* [Aim of the exercise] Starting at the line that contains "Schwarze Pants von" and stopping at the line that contains "Composé d’aluminium, la", transcribe every line of the material below exactly; pictures stay out.

* [Provided information]
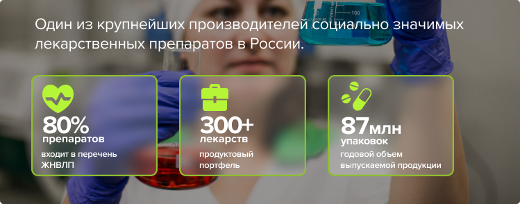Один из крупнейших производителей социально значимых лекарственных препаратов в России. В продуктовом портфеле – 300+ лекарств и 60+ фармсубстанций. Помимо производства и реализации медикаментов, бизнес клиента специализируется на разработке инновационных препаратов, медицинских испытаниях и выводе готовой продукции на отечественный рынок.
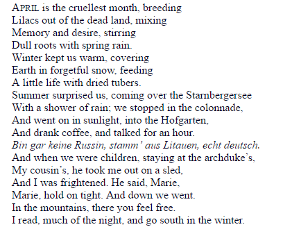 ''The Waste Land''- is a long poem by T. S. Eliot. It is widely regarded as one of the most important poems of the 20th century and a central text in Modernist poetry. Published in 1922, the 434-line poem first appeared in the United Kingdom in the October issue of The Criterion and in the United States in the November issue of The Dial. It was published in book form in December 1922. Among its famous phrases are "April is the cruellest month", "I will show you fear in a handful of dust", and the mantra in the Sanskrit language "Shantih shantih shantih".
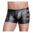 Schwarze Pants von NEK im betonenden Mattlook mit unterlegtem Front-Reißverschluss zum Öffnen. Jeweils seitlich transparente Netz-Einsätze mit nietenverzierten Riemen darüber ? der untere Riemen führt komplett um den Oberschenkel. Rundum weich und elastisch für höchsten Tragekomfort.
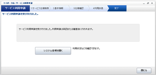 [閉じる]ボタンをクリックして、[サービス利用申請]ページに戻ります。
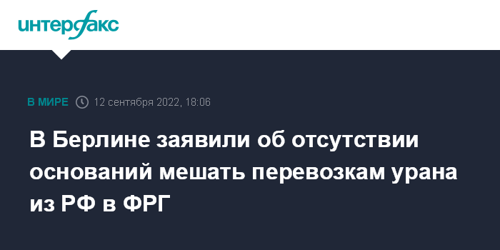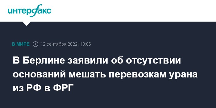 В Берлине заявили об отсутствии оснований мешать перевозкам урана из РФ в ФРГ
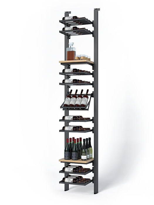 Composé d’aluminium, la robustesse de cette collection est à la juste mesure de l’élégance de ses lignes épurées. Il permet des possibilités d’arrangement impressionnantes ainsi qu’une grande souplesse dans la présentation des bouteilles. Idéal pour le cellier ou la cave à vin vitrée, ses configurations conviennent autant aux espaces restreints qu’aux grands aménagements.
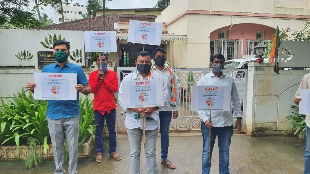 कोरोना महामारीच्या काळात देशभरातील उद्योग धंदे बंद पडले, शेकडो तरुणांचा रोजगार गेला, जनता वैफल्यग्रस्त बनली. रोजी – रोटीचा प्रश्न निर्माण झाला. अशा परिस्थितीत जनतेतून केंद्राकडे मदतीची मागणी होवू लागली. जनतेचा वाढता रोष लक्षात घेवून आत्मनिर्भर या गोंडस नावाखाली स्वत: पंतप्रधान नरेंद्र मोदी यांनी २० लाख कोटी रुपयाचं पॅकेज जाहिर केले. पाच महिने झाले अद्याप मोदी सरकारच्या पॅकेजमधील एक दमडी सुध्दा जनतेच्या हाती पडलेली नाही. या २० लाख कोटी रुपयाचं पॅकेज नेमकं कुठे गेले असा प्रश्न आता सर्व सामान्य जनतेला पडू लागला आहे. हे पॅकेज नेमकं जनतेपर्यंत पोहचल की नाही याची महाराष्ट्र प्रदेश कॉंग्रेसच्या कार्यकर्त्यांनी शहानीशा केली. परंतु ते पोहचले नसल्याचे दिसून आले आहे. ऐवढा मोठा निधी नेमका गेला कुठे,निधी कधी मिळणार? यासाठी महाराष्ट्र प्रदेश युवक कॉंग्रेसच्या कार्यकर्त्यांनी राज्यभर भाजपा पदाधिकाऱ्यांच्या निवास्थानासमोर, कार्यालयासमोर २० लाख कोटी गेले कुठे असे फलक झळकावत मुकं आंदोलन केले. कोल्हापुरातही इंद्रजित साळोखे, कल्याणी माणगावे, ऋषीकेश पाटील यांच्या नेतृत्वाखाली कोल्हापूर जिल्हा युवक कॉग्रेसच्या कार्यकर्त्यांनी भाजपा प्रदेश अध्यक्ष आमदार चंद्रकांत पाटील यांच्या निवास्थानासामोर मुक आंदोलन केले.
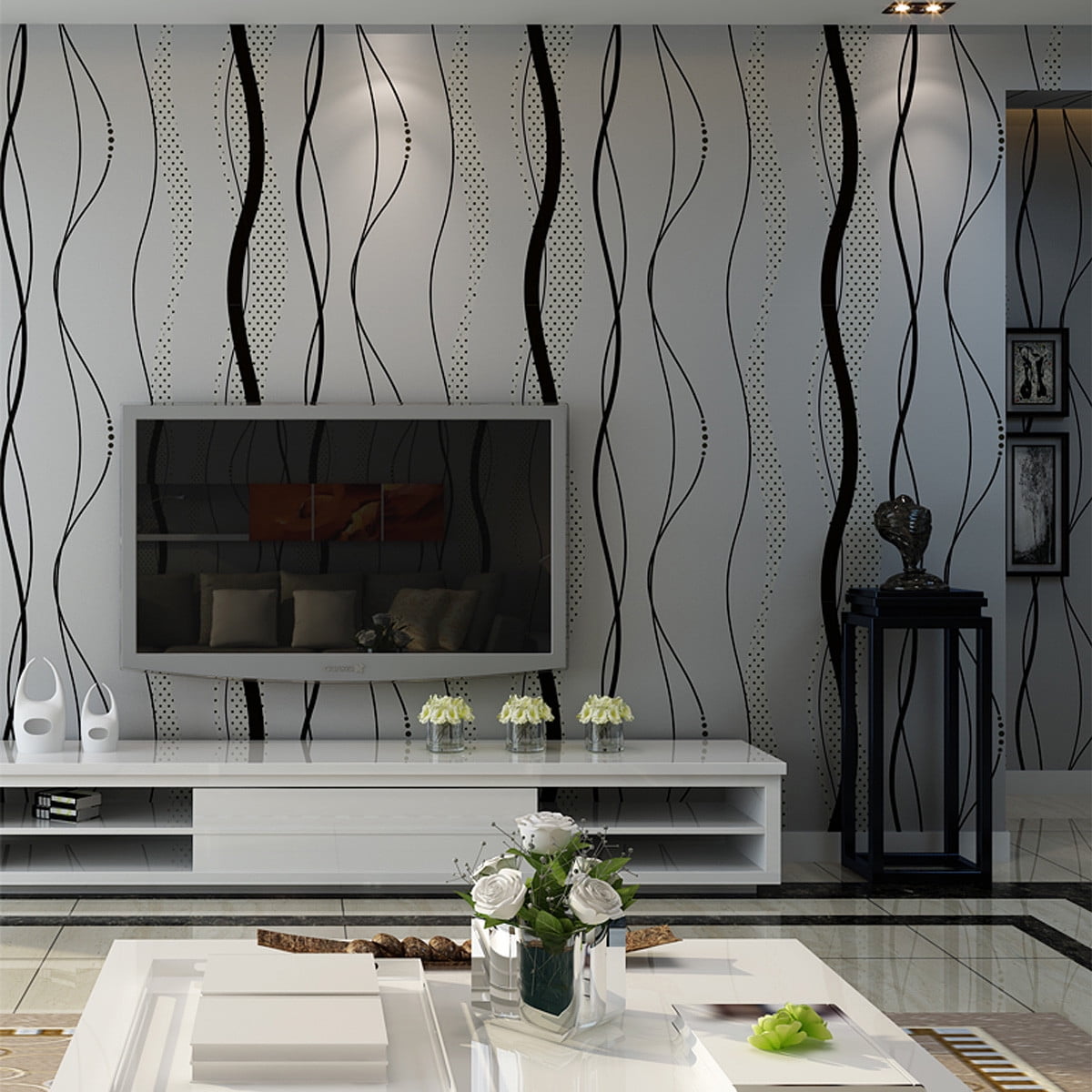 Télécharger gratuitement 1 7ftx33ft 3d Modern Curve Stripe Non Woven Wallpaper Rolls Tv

* [Exercise result]
 Schwarze Pants von NEK im betonenden Mattlook mit unterlegtem Front-Reißverschluss zum Öffnen. Jeweils seitlich transparente Netz-Einsätze mit nietenverzierten Riemen darüber ? der untere Riemen führt komplett um den Oberschenkel. Rundum weich und elastisch für höchsten Tragekomfort.
 [閉じる]ボタンをクリックして、[サービス利用申請]ページに戻ります。
 В Берлине заявили об отсутствии оснований мешать перевозкам урана из РФ в ФРГ
 Composé d’aluminium, la robustesse de cette collection est à la juste mesure de l’élégance de ses lignes épurées. Il permet des possibilités d’arrangement impressionnantes ainsi qu’une grande souplesse dans la présentation des bouteilles. Idéal pour le cellier ou la cave à vin vitrée, ses configurations conviennent autant aux espaces restreints qu’aux grands aménagements.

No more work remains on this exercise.